SAN DIEGO – The Timberwolves’ road to respectability in the West became more challenging yet before they ever picked up a ball at training camp Saturday morning after conference rival Oklahoma acquired star Carmelo Anthony from New York.
Three months after it made a startling trade that placed All Star Paul George alongside league MVP Russell Westbrook, the Thunder again made another stealthy deal, acquiring Anthony for reserve center Enes Kanter, shooter Doug McDermott and a second-round pick.

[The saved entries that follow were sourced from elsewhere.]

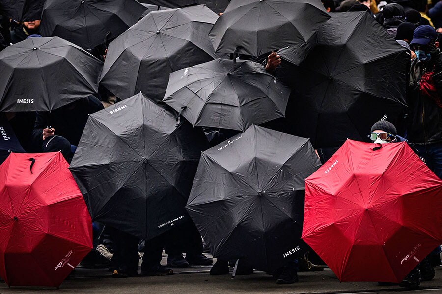 Protesters protect themselves with open umbrellas during altercations with French anti-riot police during a May Day (Labour Day) rally, marking International Workers" Day, in Nantes, western France, on May 1, 2024. The CGT union said more than 200,000 people took to the streets across France, making demands ranging from better salaries to a ceasefire in Gaza.
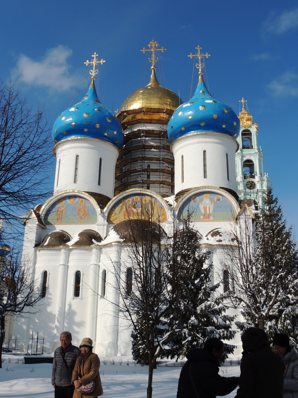 朝から雪景色の中をドライブし、到着すると青空が出てきて、青や金色の屋根の写真がきれいに撮れました。入場の際に写真撮影料100ルーブルを払うとCDがもらえます。熱心な信者が数多く訪れていてミサも行われていました。
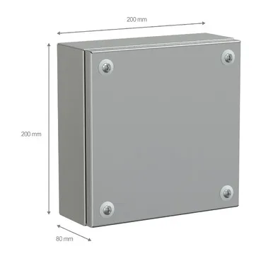 Spacial SBX is a stainless steel 304L industrial box designed for a multi-purpose application It is designed to withstand harsh environments with its IK10 (IEC62262) and IP66 (IEC60529) ratings It has a nominal height, width and depth of 200mm, 200mm and 80mm respectively It is made with a Scotch-Brite® brushed surface finish and consists of 4 cover screw, a cover and a body It has a captive screw PZ2 outside the sealed area and its cover can be removed for maintenance purposes The box meets the IEC 62208 standards and has an ambient air temperature range for storage and operation of -35-60 °C and -35-80 °C respectively To be used with a mounting plate or a DIN rail. Directly wall mounted o by fixing lugs (to be ordered separately). The enclosure meets the directives IEC 62208 and UL508A, certified by BV and UL respectively. Also compliant with marine requirements of BV Marine Division. This device is qualified as a green premium product, with minimal use of harzardous substances.
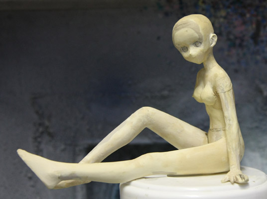 こちらは夏のWF向けに製作しているアルクェイド・ブリュンスタッドです。 一枚目は最初に日記に掲載した写真で、二枚目と三枚目はそれから一ヶ月程経過した本申請の後の段階です。本申請の写真では取り外している右腕を取り付け、髪の毛と水着をグレイスカルピーで造形していました。 髪の毛を 手首は、エポキシパテから削り出しているのですが、微調整が難しく、現状からだと指は0.6mmの糸ハンダにパテを巻きつける方法の方が早いかもしれないので、首同様、一から作り直すかもしれません。 手首に関しては常に試行錯誤しているのですが、中々良い方法が見付かりません。何か良いアイデアがあったら教えて下さい。 ![]() こちらはオリジナルの胸像。1/6スケールくらいを目安に作っているのですが、台座次第ではボトルキャップになりそうな感じです。 前々から作りたいと考えていた、メイドさんのつもりで製作中です。 当初は5月のホビーコンプレックス04大阪に向けて製作していたのですが、急な仕事が入ったのと、キャラホビ2008向けの製作が押し迫ってきたので中断しています。 現状では顔の造形が一段落したので、首を分割して、髪毛を造形している所です。 上記に二点の素材は何れも、友人に安く譲ってもらった 頭を作る時は何時も丸い状態から肉付けして行き、最後に顔の細かい彫刻を行うのですが、今回はA@B@Cさんの2005年3月〜4月の様な感じで平べったい状態から盛り付ける方法で作ってみました。 そのまま方法を真似ても良かったのですが、そのままだと目をかなり深く彫り込む必要が有るので、顔の大まかな輪郭が出来たら、縦の中心線を引き、そこを頂点に上下から見て二等辺三角形になる様に盛り付けてから、目の掘り込みを行いました。 何時もとは違う方法ですが、顔が先に仕上がるので、気分的には結構楽です。
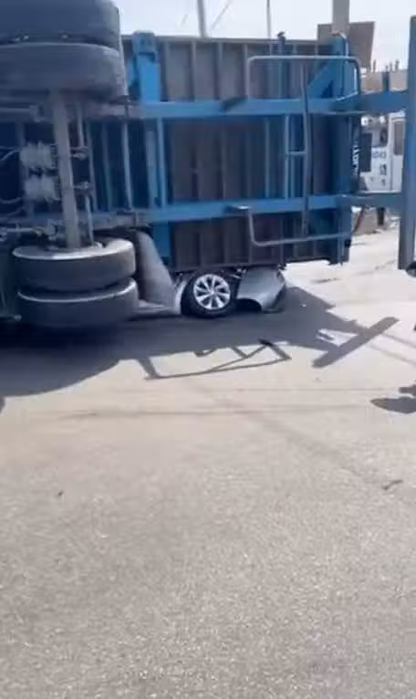 大貨車翻覆!一旁轎車「秒壓扁」,司機當場身亡「妻子趕赴現場哭斷腸」
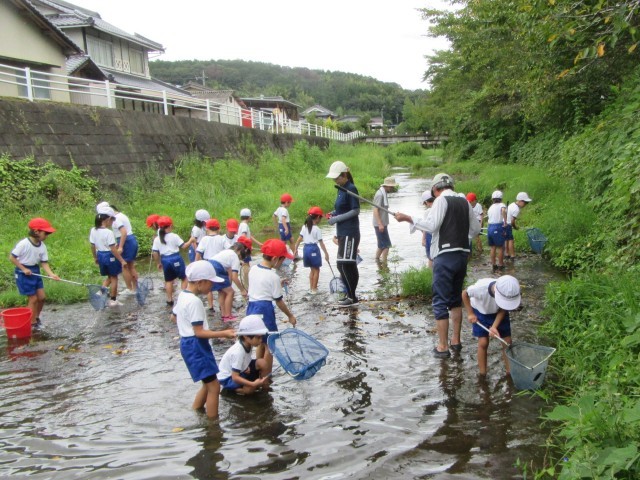 生活科の学習で、1.2年生が合同で川遊びをしました。3名の地域の方をゲストティーチャー(先生)としてお招きして、学校の近くを流れている倭文川で行いました。
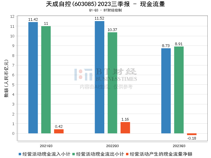 在资产负债方面,根据2023年三季报,天成自控的总资产从上年度末的23.85亿元增长到24.26亿元,微增1.71%。负债合计也有所上升,从14.72亿元增至15.25亿元。净资产略有下降,从9.13亿元减少到9.01亿元,减少1.32%。资产负债率从61.72%上升至62.86%,显示公司负债水平略有上升。商誉方面,报告期末为1856.72万元,较上年度末的1816.4万元略有增长。
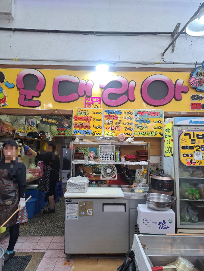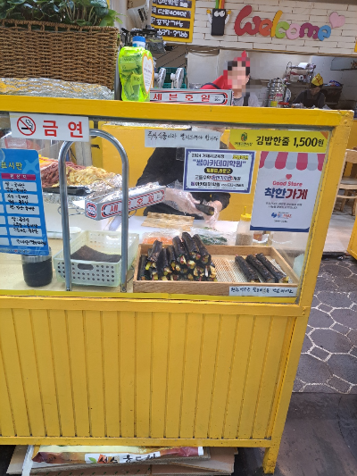 이 김밥집은 거제고현시장의 중앙통로에 위치해 있습니다. 김밥과 떡볶이 등 맛이 좋아 고객들이 줄 서서 기다리고 있네요

The trade means more competition for the Wolves in the West if they intend to return to the playoffs for the first time since 2004.
It also means the Thunder’s 2018 first-round pick the Wolves own won’t be as good as they thought it’d be. Oklahoma City has acquired both George and Anthony since the Wolves acquired the pick from Utah in the Ricky Rubio trade late last June.
“It’s the reality of our situation,” Wolves coach and president of basketball operations Tom Thibodeau said. “Melo is a terrific player. They get three wings who are very explosive.”
Thibodeau has coached all three stars for USA Basketball and new Wolves forward Taj Gibson well knows Oklahoma City after he played for it during last season’s final months.
“They just know what they’re doing over there,” Gibson said. “It’s a first-class organization.”
The Wolves play the Thunder twice in the season’s first 10 days, Oct. 22 at Oklahoma City and Oct. 27 at Target Center.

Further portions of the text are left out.